Can I do this with Hadoop? I've searched the examples and the intarweb but I could not find any solutions.
Maybe a simple solution would be to write a job that doesn't have a reduce function. So you would pass all the mapped data directly to the output of the job. You just set the number of reducers to zero for the job.
Then you would write a job for each different reduce function that works on that data. This would mean storing all the mapped data on the HDFS though.
Another alternative might be to combine all your reduce functions into a single Reducer which outputs to multiple files, using a different output for each different function. Multiple outputs are mentioned in this article for hadoop 0.19. I'm pretty sure that this feature is broken in the new mapreduce API released with 0.20.1, but you can still use it in the older mapred API.
Are you expecting every reducer to work on exactly same mapped data? But at least the "key" should be different since it decides which reducer to go.
You can write an output for multiple times in mapper, and output as key (where $i is for the i-th reducer, and $key is your original key). And you need to add a "Partitioner" to make sure these n records are distributed in reducers, based on $i. Then using "GroupingComparator" to group records by original $key.
It's possible to do that, but not in trivial way in one MR.
You may use composite keys. Let's say you need two kinds of the reducers, 'R1' and 'R2'. Add ids for these as a prefix to your o/p keys in the mapper. So, in the mapper, a key 'K' now becomes 'R1:K' or 'R2:K'.

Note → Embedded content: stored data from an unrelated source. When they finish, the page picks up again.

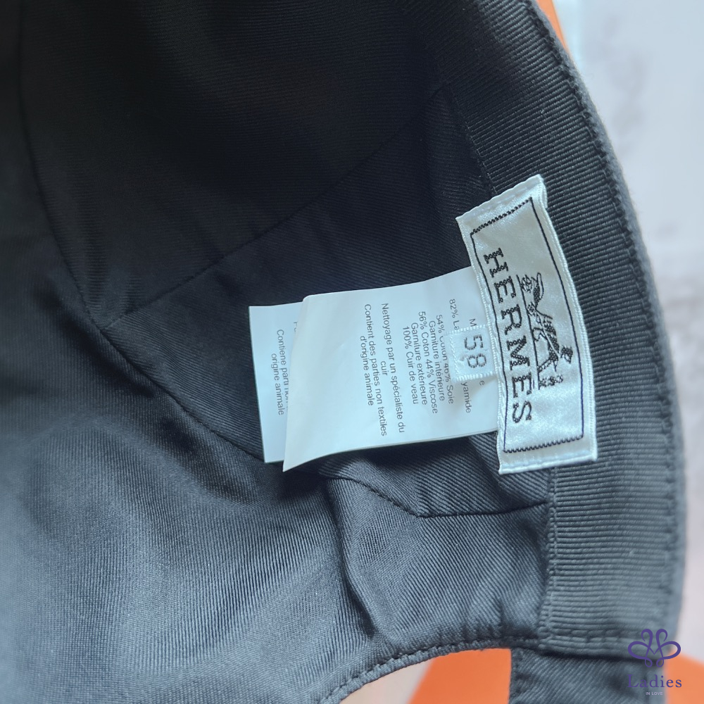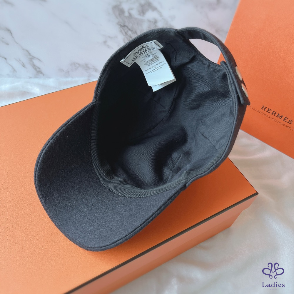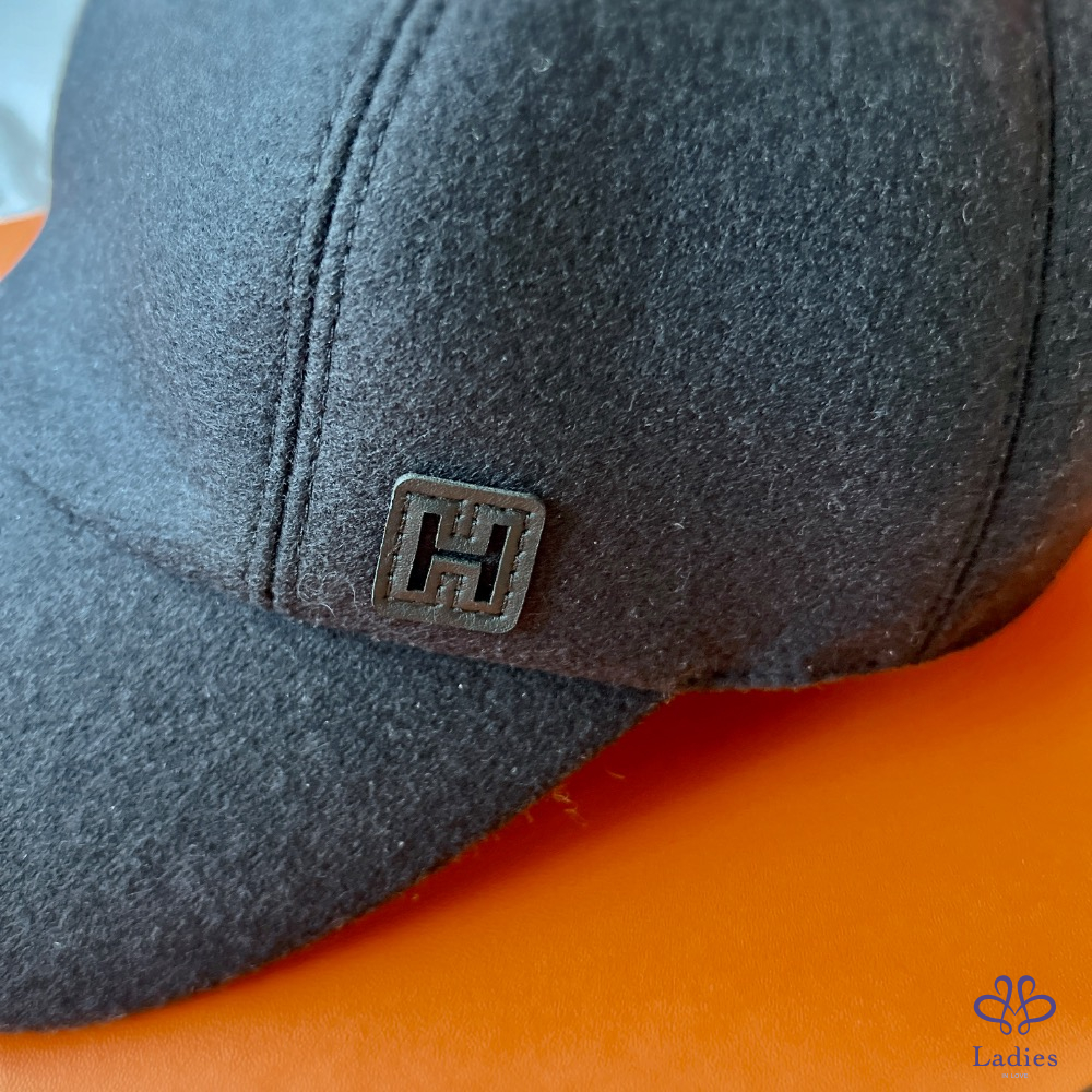 愛馬仕Hermes 高級皮標H x羊絨棒球帽 時尚黑58 | 西班牙購證 x全配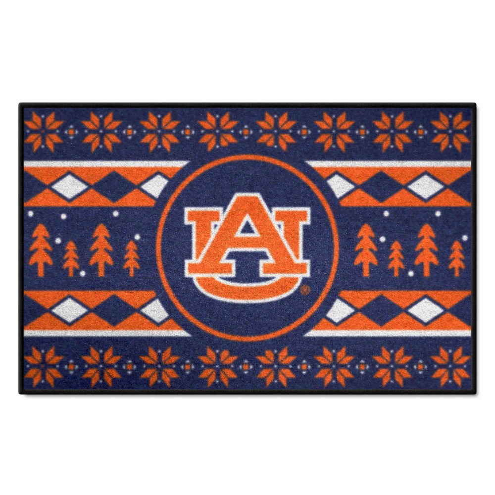 | Auburn Tigers Holiday Sweater Starter Mat Accent Rug - 19in. x 30in. 9 Ounce, 100 % Nylon Face Recycled vinyl backing for a durable and longer-lasting product Machine made and tufted in the USA Non-skid backing with serged borders for added durability Machine washable; vacuum regularly and spot clean for any easy and quick clean Officially licensed and chromojet-printed in true team colors for vibrant, lasting color Auburn University in Alabama |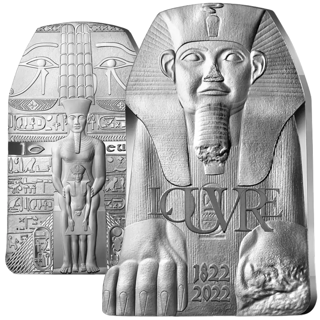 Diese im Jahr 2022 von der Monnaie de Paris in Zusammenarbeit mit dem Louvre-Museum herausgegebene polierte Platte enthält 22,2 g Feinsilber von 0,999. Der Nennwert beträgt 10 Euro, und die Auflage ist auf 5.000 Stück begrenzt. Die Ausgabe ist Teil der Serie French Excellence", die zwei historische Institutionen an den gegenüberliegenden Ufern der Seine würdigt. Die Münze ist dem Thema Schätze Ägyptens" gewidmet und erinnert an den 200. Jahrestag der Entzifferung der Hieroglyphen (1822-2022) und den 100. Jahrestag der Entdeckung des Grabes von Tutanchamun. Ihre Form ist der Großen Sphinx von Tanis nachempfunden, die im Louvre ausgestellt ist. Auf der Rückseite ist das vergoldete Bronzegehäuse des Gottesanbeters Shepenupet zu sehen. In der Mittelachse ist der Gott Amun dargestellt, der über den jungen Tutanchamun wacht. Unten ist eine Pyramide als Symbol für die Kontinuität des Erbes neben den Kartuschen von Tutanchamun zu sehen. Der Nennwert und die Initialen der RF werden in der Mitte zusammen mit dem Münzzeichen angezeigt.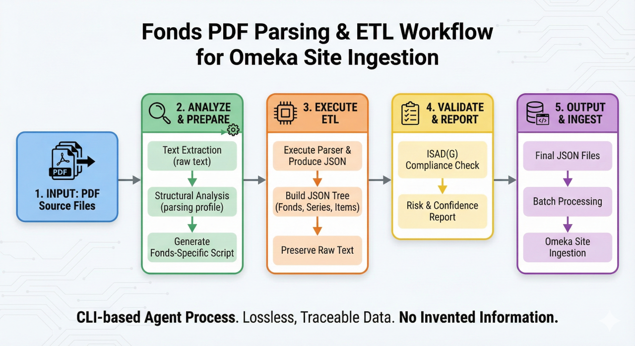 This site grants digital access to archival descriptions that previously existed solely as static PDF inventories. To migrate these complex historical "fonds" into a searchable Omeka S environment, we executed a rigorous extraction, transformation, and loading (ETL) pipeline driven by a specialized CLI-based coding agent.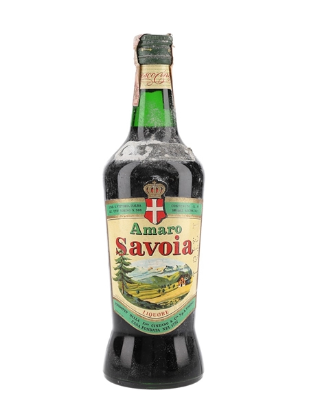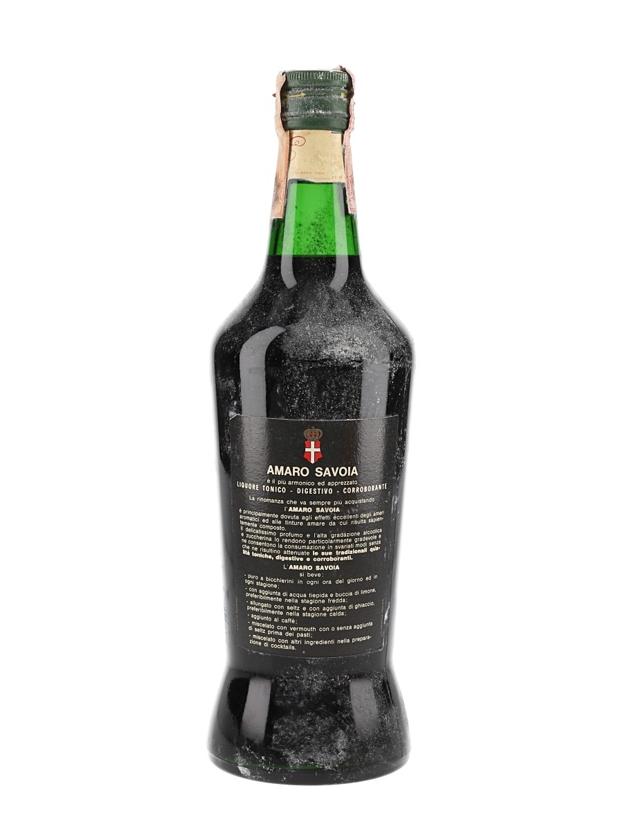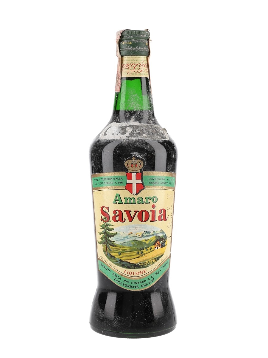 A bottle of Amaro Savoia, a bitter tonic liqueur produced in S. Vittoria D'Alba, Italy, and produced by Cinzano and bottled at 34% ABV. We estimate this was bottled in the 1970s.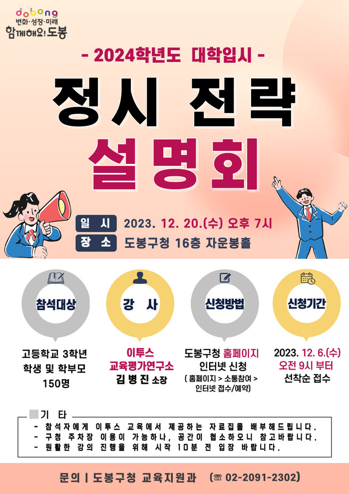 [시민일보 = 여영준 기자] 서울 도봉구(구청장 오언석)가 오는 20일 오후 7시 구청 16층 자운봉홀에서 수험생과 학부모들을 대상으로 2024학년도 대학입시 '정시 전략 설명회'를 개최한다.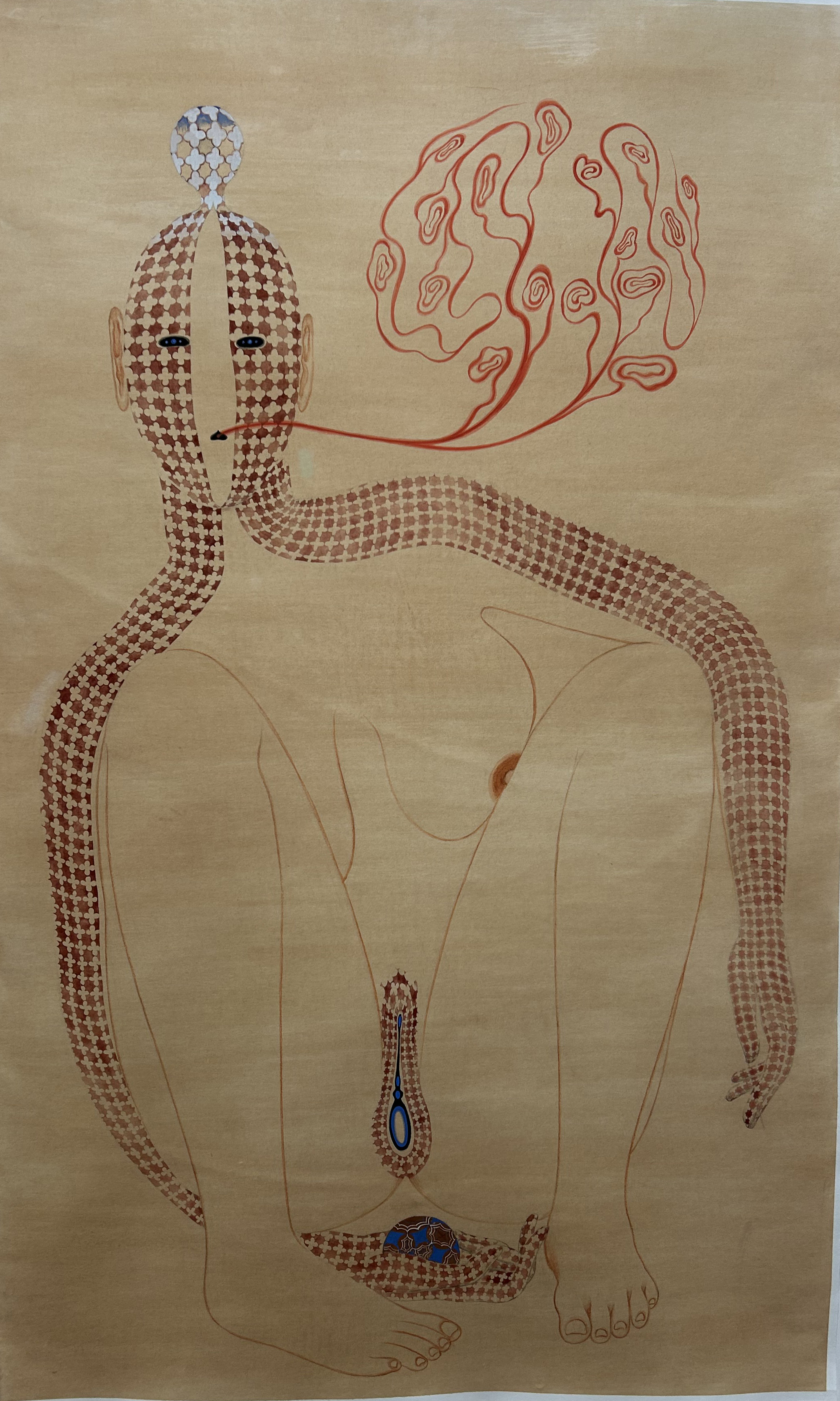 The artist says she is inspired by science fiction. There is something to that. The figures are not of this world. There is something monstrous about them. Still, the materials of making––the rich colours and patterns on the tea-stained paper surfaces––celebrate the lived reality of the female form. They adorn the body; they make it visible. Yet there is a paradox, since it is this dimension of the paintings––this performance of the artist’s Sri Lankan identity––that also calls into question female nudity as representation. It makes the figures increasingly unfamiliar and strange, almost transforming them into total aliens, but not quite getting there. It questions the politics of picturing the female form.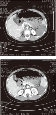 行保守治疗的18例Ⅲ级外伤性脾破裂患儿,1例中转开腹,17例保守治疗成功,均治愈出院,无死亡病例。住院时间为18~25 d,平均21 d。所有患儿于出院前均行超声和(或)增强CT复查,对17例患儿进行随访,外伤后1个月复查CT提示脾破裂创伤恢复良好,6个月后复查CT提示脾脏基本愈合。随访时间最短6个月,最长3年,均未发生并发症,CT检查显示肝脏形态结构基本正常。

Then, in the reducer, pass values to implementations of R1 or R2 based on the prefix.
I guess you want to run different reducers in a chain. In hadoop 'multiple reducers' means running multiple instances of the same reducer. I would propose you run one reducer at a time, providing trivial map function for all of them except the first one. To minimize time for data transfer, you can use compression.
Of course you can define multiple reducers. For the Job (Hadoop 0.20) just add:
job.setNumReduceTasks(<number>);
But. Your infrastructure has to support the multiple reducers, meaning that you have to
have more than one cpu available
adjust mapred.tasktracker.reduce.tasks.maximum in mapred-site.xml accordingly
And of course your job has to match some specifications. Without knowing what you exactly want to do, I only can give broad tips:
the keymap-output have either to be partitionable by %numreducers OR you have to define your own partitioner:
job.setPartitionerClass(...)
for example with a random-partitioner ...
the data must be reduce-able in the partitioned format ... (references needed?)
You'll get multiple output files, one for each reducer. If you want a sorted output, you have to add another job reading all files (multiple map-tasks this time ...) and writing them sorted with only one reducer ...
Have a look too at the Combiner-Class, which is the local Reducer. It means that you can aggregate (reduce) already in memory over partial data emitted by map.
Very nice example is the WordCount-Example. Map emits each word as key and its count as 1: (word, 1). The Combiner gets partial data from map, emits (, ) locally. The Reducer does exactly the same, but now some (Combined) wordcounts are already >1. Saves bandwith.
I still dont get your problem you can use following sequence:
database-->map-->reduce(use cat or None depending on requirement)
then store the data representation you have extracted.
if you are saying that it is small enough to fit in memory then storing it on disk shouldnt be an issue.
Also your use of MapReduce paradigm for the given problem is incorrect, using a single map function and multiple "different" reduce function makes no sense, it shows that you are just using map to pass out data to different machines to do different things. you dont require hadoop or any other special architecture for that.